Commentary

California Lawmakers Urged To Pass Privacy Law, Strengthen Net Neutrality Bill

Lawmakers in California should move forward with a privacy law that would limit broadband providers' ability to serve targeted ads, the digital rights group Electronic Frontier Foundation says.

The privacy bill (AB 375), which stalled last September in the Senate, sought to recreate broadband privacy rules that were passed in 2016 by the Federal Communications Commission, but were repealed the following year by Congress. The bill would require Internet service providers to obtain consumers' opt-in consent before using their web-browsing information for targeted advertising, and would prohibit providers from charging higher fees to customers who reject targeted ads.

"Moving AB 375 in 2018 will send a clear signal to Washington DC that while the federal system stands down in the face of intense lobbying by the country’s largest ISPs such as Comcast, Verizon, and AT&T, the state of California will stand up for its residents’ legal right to privacy," Ernesto Falcon, legislative counsel at the EFF, says in a recent letter to state lawmakers.

Broadband providers lobbied heavily against that proposed privacy law, as did the Association of National Advertisers as well as tech companies including Google and Facebook.

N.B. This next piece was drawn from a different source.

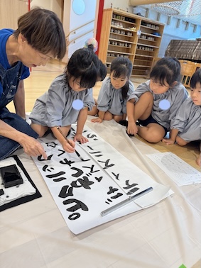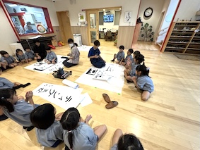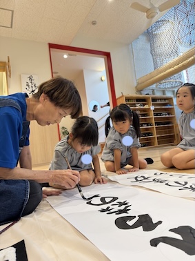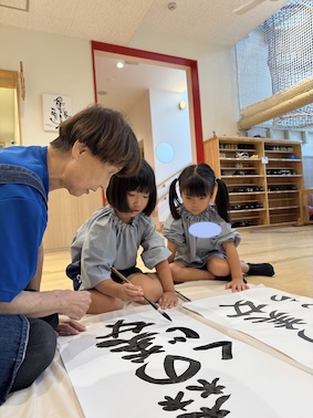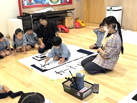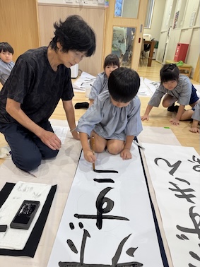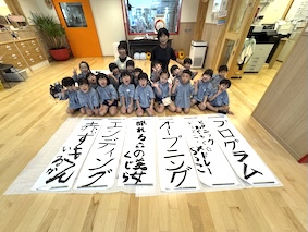 エントランスでは、大きな紙を広げて、いつもより大きな文字に挑戦しますよ。

The EFF is now telling lawmakers that broadband providers need to be curbed. The organization calls attention to a long pattern of questionable activity by providers. Among other examples, the group highlights including Verizon's recent tracking initiative that involved inserting headers -- 50-character alphanumeric strings -- injected into all unencrypted mobile traffic. The FCC fined Verizon $1.35 million over the headers.

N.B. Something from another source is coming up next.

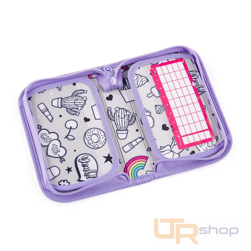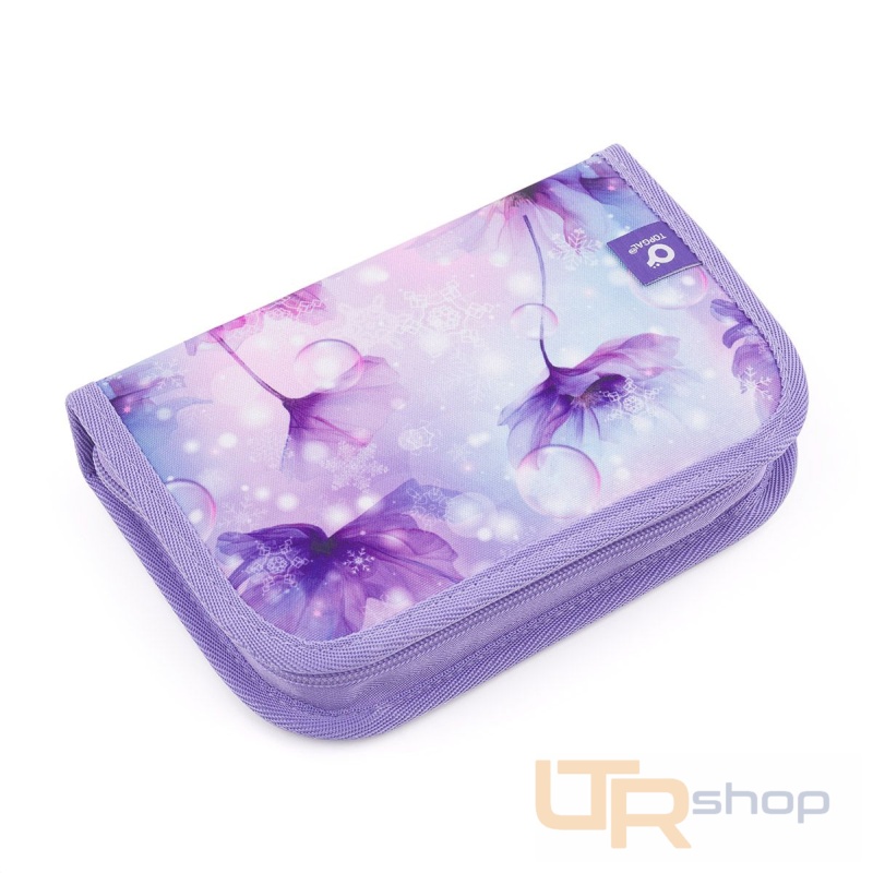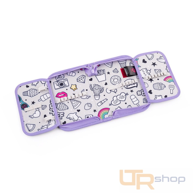 Jednopatrové školní pouzdro se dvěma klopami. Díky gumovým úchytům se do nich vejde celkem dvacetjedna pastelek, tužek a fixek. Tři širší úchyty poslouží na pravítko, kružítko či nůžky. Dva větší na gumu a ořezávátko.

"Nothing in recent history suggests that ISPs stand ready to respect user privacy where they are not legally required to do so," the EFF writes.

The digital rights group is also pressing state officials to restore net neutrality rules -- but says that any bill should be drafted with a view toward defeating future lawsuits by providers. To that end, the organization says that any bill should be focused on activity that occurs within California, as opposed to across the country.

Earlier this week, lawmakers in California's senate approved a bill aimed at requiring providers to follow net neutrality rules; the state assembly has not yet passed a companion measure.

California Senate Bill 460 would restore many of the open Internet regulations that were revoked late last year by the Federal Communications Commission. Among other restrictions, the bill would prohibit broadband providers from blocking or throttling lawful content, and from charging higher fees for prioritized delivery.

The EFF said this week that the bill may not hold up in court because judges may view the measure as an attempt by California to regulate commerce on a national level. "While well-intentioned, the legislators sadly chose an approach that is vulnerable to legal attack," Falcon writes in a blog post about the proposed bill.

The group is urging lawmakers to shore up the bill by directly tying the net neutrality requirement to other California regulations. "Today, California spends $100s of millions on ISPs, including AT&T, as part of its California broadband subsidy program," the EFF writes. "The state could require that recipients of that funding provide a free and open Internet, to ensure that taxpayer funds are used to benefit California residents rather than subsidizing a discriminatory network."

California isn't the only state poised to take on the broadband industry. Already this year, the governors of New York and Montana issued executive orders requiring providers to follow net neutrality principles as a condition of obtaining state contracts. What's more, at least 18 other states are reportedly considering issuing their own net neutrality rules.

If California is able to pass a bill that withstands a legal challenge, the language could serve as a model for other statehouses throughout the country.

"It is our hope that California’s legislators understand that the millions of Americans who are fighting hard to keep the Internet free and open expect elected officials that side with us to deploy their power wisely and effectively," Falcon writes. "The importance of keeping the Internet free and open necessitates nothing less."